**Problem requirements**
Among the lines of data below, reproduce only those from the one with "Una torta mousse" through the one with "Der Florida-Kormoran ist", exactly as they stand, both ends included.

**Material to process**
┄┄┄┄┄┄

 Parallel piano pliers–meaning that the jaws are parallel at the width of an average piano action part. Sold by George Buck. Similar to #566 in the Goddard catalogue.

┄┄┄┄┄┄

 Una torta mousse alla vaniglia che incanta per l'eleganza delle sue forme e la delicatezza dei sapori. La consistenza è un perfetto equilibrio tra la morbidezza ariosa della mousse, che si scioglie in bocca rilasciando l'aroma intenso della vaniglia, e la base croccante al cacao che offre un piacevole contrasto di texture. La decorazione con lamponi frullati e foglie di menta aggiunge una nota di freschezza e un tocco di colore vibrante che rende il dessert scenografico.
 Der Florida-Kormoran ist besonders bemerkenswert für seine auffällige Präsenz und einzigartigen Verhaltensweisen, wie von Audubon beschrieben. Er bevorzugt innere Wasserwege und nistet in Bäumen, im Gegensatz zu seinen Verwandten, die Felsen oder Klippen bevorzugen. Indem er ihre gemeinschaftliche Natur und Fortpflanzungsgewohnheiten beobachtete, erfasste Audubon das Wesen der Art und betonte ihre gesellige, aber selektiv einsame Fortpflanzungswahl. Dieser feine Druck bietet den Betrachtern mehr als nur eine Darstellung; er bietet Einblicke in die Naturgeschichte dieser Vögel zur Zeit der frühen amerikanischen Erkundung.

┄┄┄┄┄┄

**Response to this task**
 Una torta mousse alla vaniglia che incanta per l'eleganza delle sue forme e la delicatezza dei sapori. La consistenza è un perfetto equilibrio tra la morbidezza ariosa della mousse, che si scioglie in bocca rilasciando l'aroma intenso della vaniglia, e la base croccante al cacao che offre un piacevole contrasto di texture. La decorazione con lamponi frullati e foglie di menta aggiunge una nota di freschezza e un tocco di colore vibrante che rende il dessert scenografico.
 Der Florida-Kormoran ist besonders bemerkenswert für seine auffällige Präsenz und einzigartigen Verhaltensweisen, wie von Audubon beschrieben. Er bevorzugt innere Wasserwege und nistet in Bäumen, im Gegensatz zu seinen Verwandten, die Felsen oder Klippen bevorzugen. Indem er ihre gemeinschaftliche Natur und Fortpflanzungsgewohnheiten beobachtete, erfasste Audubon das Wesen der Art und betonte ihre gesellige, aber selektiv einsame Fortpflanzungswahl. Dieser feine Druck bietet den Betrachtern mehr als nur eine Darstellung; er bietet Einblicke in die Naturgeschichte dieser Vögel zur Zeit der frühen amerikanischen Erkundung.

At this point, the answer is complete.